Data extracts:
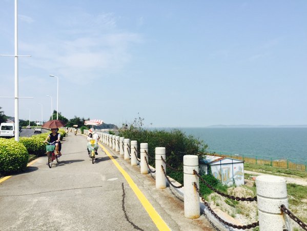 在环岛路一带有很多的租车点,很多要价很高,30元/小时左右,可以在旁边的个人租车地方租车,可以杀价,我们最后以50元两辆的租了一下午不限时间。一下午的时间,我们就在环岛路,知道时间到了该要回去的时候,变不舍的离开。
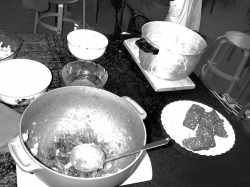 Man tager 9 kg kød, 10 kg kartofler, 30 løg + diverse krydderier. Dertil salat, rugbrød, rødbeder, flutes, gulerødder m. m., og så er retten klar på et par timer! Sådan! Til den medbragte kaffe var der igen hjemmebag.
...
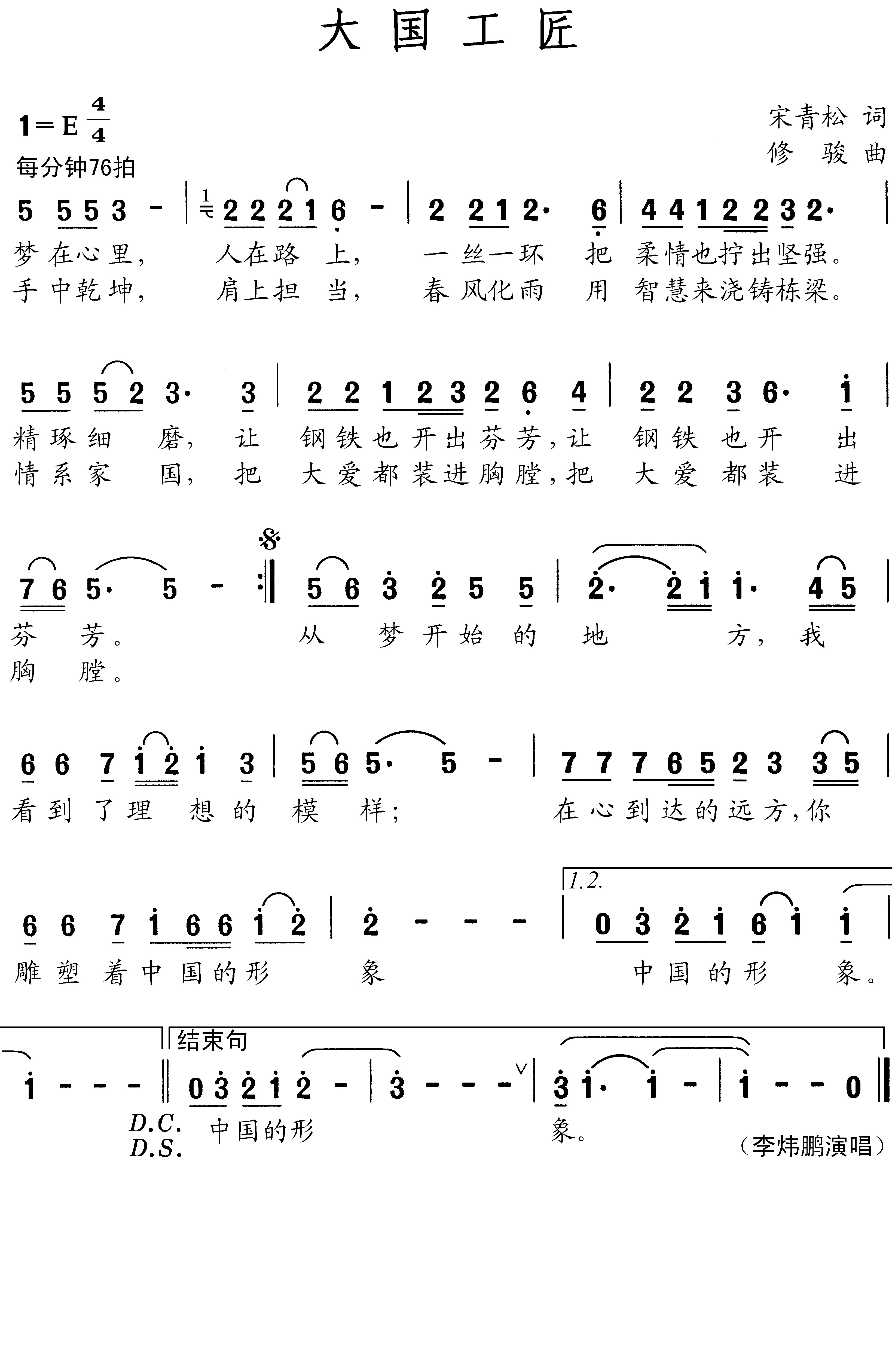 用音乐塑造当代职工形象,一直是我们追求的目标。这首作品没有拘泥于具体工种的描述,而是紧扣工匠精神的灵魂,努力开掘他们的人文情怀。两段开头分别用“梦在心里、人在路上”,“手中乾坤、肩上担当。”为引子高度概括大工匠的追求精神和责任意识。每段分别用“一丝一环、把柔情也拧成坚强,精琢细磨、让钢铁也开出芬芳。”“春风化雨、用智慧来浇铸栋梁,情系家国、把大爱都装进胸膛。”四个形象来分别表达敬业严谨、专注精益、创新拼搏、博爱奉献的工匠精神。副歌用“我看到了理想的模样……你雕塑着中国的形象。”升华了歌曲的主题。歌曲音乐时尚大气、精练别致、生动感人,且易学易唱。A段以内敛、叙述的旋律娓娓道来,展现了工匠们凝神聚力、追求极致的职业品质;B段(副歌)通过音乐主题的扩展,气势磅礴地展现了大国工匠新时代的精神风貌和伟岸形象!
---
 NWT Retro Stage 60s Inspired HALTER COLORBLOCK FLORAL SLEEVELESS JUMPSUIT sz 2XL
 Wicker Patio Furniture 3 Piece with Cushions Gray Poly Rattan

Work required: "在环岛路一带有很多的租车点,很多要价很高" marks the first line to copy, and "Man tager 9" marks the last. Repeat that stretch above exactly, with no pictures.

Response to the exercise:
 在环岛路一带有很多的租车点,很多要价很高,30元/小时左右,可以在旁边的个人租车地方租车,可以杀价,我们最后以50元两辆的租了一下午不限时间。一下午的时间,我们就在环岛路,知道时间到了该要回去的时候,变不舍的离开。
 Man tager 9 kg kød, 10 kg kartofler, 30 løg + diverse krydderier. Dertil salat, rugbrød, rødbeder, flutes, gulerødder m. m., og så er retten klar på et par timer! Sådan! Til den medbragte kaffe var der igen hjemmebag.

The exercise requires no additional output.